The use of colchicine to induce polyploids increases secondary metabolite production potential and has been used for many years for the production of valuable compounds in plants. This project took advantage of this method to increase the production of secondary metabolites in licorice. For this purpose, seeds of licorice, Glycyrrhiza glabra var. glandulifera, were treated with different concentrations of colchicine for 24 hours and then cultivated in vitro. After a month, the effect of colchicine on the cellular DNA level of cotyledons was analyzed by spectrophotometry and flow cytometry. For callus induction, root explants of one month old plantlets derived from colchicine treated seeds were transferred to MS medium containing growth regulators and the anthocyanin and glycyrrhizic acid levels of the callus tissues were measured after two months of growth. The total DNA content of plantlets derived from seeds treated with 0.05%, 0.08% and 0.1% of colchicine for 24 hours was increased significantly. Treated plants had increased numbers of larger stomata, significantly in those treated with 0.1% of colchicine for 24 hours. After colchicine treatment, the root, shoot and leaf thickness was found to be increased, while their length was decreased.

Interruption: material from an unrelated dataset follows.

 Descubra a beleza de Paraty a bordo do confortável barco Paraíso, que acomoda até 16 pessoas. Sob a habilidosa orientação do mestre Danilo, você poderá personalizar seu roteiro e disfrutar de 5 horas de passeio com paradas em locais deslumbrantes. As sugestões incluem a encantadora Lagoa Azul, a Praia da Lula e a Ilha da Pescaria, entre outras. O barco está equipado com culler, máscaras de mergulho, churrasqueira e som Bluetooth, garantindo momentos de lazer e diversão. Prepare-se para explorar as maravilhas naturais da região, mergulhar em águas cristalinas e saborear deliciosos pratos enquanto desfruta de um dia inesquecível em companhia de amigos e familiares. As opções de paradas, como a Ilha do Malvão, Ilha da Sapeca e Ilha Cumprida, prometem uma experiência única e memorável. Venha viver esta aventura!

Results of flow cytometry showed changes in ploidy level in plantlets obtained from treatment with 0.08% (mixoploids) and 0.1% (tetraploids) of colchicine. Anthocyanin level was significantly increased in callus obtained from plantlets treated with 0.08% of colchicine. The amount of glycyrrhizic acid in all treatments increased, especially in the 0.1 and 0.03% colchicine treatments and this seems to prove an increased production of metabolites in polyploid licorice tissues.

Glycyrrhiza glabra (Linn.) and Lavandula officinalis (L.) cell suspension cultures-based biotransformation of ß-artemether.

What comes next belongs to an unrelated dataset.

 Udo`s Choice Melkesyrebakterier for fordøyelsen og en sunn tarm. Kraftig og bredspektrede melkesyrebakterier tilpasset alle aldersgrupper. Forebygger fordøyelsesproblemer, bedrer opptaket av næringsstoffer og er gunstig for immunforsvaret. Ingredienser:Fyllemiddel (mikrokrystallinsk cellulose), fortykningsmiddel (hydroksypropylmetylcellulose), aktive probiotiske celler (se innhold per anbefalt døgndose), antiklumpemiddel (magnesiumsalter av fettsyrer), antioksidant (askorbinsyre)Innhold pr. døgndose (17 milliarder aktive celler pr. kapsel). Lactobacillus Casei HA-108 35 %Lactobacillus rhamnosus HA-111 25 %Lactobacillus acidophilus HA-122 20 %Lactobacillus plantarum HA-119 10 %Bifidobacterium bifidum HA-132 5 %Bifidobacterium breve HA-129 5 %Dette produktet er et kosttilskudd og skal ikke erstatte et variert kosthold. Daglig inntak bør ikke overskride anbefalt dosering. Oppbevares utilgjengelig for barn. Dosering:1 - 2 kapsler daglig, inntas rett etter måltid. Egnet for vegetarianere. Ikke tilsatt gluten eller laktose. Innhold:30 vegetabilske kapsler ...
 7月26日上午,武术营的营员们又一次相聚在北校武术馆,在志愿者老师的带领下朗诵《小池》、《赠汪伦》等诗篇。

The biotransformation of ß-artemether (1) by cell suspension cultures of Glycyrrhiza glabra and Lavandula officinalis is reported here for the first time. The major biotransformed product appeared as a grayish-blue color spot on thin-layer chromatography (TLC) with transparent crystal-like texture. Based on its infrared (IR) and (1)H nuclear magnetic resonance (NMR) spectra, the product was characterized as a tetrahydrofuran (THF)-acetate derivative (2). The highest conversion efficiencies of 57 and 60% were obtained when 8-9-day-old cell suspensions of G. glabra and L. officinalis were respectively fed with 4-7 mg of compound 1 in 40 ml of medium per culture and the cells were harvested after 2-5 days of incubation. The addition of compound 1 at the beginning of the culture cycle caused severe growth depression in a dose-dependent manner, resulting in poor bioconversion efficiency of ~25% at 2-5 mg/culture dose only.

Up-regulation of soyasaponin biosynthesis by methyl jasmonate in cultured cells of Glycyrrhiza glabra.

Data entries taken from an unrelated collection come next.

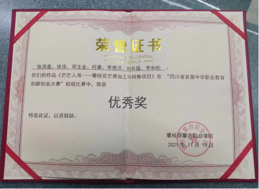 “四川省首届中华职业教育创新创业大赛”校级优秀奖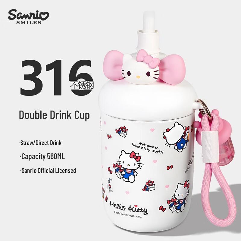 Kubek szklany ze słomką o dużej pojemności Hello Kitty z pokrywką dla dziewczynek od Sanrio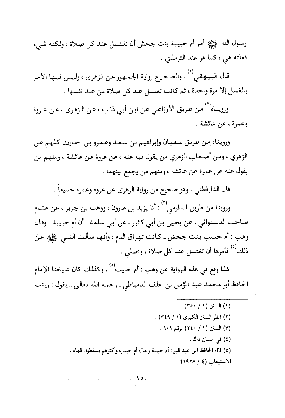 رسول الله - صلى الله عليه وسلم - أمر أم حبيبة بنت جحش أن تغتسل عند كل صلاة، ولكنه شيء فعلته هي، كما هو عند التِّرمذيّ.
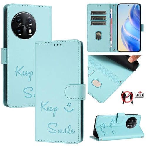 Funda de Cuero Rfid con Relieve Sonriente para OnePlus 11 (Verde Menta)
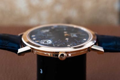 The rotor for the automatic winding system is a thin crescent on the periphery of the movement (it’s gold, in this case with a blue PVD treatment) and it’s barely visible, although the caliber number’s printed on it which makes it easier to see its oscillations. Despite the extreme thinness of the watch, the power reserve is quite respectable at 48 hours, with the balance vibrating at 3Hz/21,600 vph (slightly slower than the 4Hz/28,800 vph rate of most contemporary movements, which probably contributes to the ability of the watch to achieve a 48 hour power reserve with a very flat mainspring).

Exogenously applied methyl jasmonate (MeJA) stimulated soyasaponin biosynthesis in cultured cells of Glycyrrhiza glabra (common licorice). mRNA level and enzyme activity of beta-amyrin synthase (bAS), an oxidosqualene cyclase (OSC) situated at the branching point for oleanane-type triterpene saponin biosynthesis, were up-regulated by MeJA, whereas those of cycloartenol synthase, an OSC involved in sterol biosynthesis, were relatively constant. Two mRNAs of squalene synthase (SQS), an enzyme common to both triterpene and sterol biosyntheses, were also up-regulated by MeJA. In addition, enzyme activity of UDP-glucuronic acid: soyasapogenol B glucuronosyltransferase, an enzyme situated at a later step of soyasaponin biosynthesis, was also up-regulated by MeJA. Accumulations of bAS and two SQS mRNAs were not transient but lasted for 7 d after exposure to MeJA, resulting in the high-level accumulation (more than 2% of dry weight cells) of soyasaponins in cultured licorice cells. In contrast, bAS and SQS mRNAs were coordinately down-regulated by yeast extract, and mRNA accumulation of polyketide reductase, an enzyme involved in 5-deoxyflavonoid biosynthesis in cultured licorice cells, was induced transiently by yeast extract and MeJA, respectively.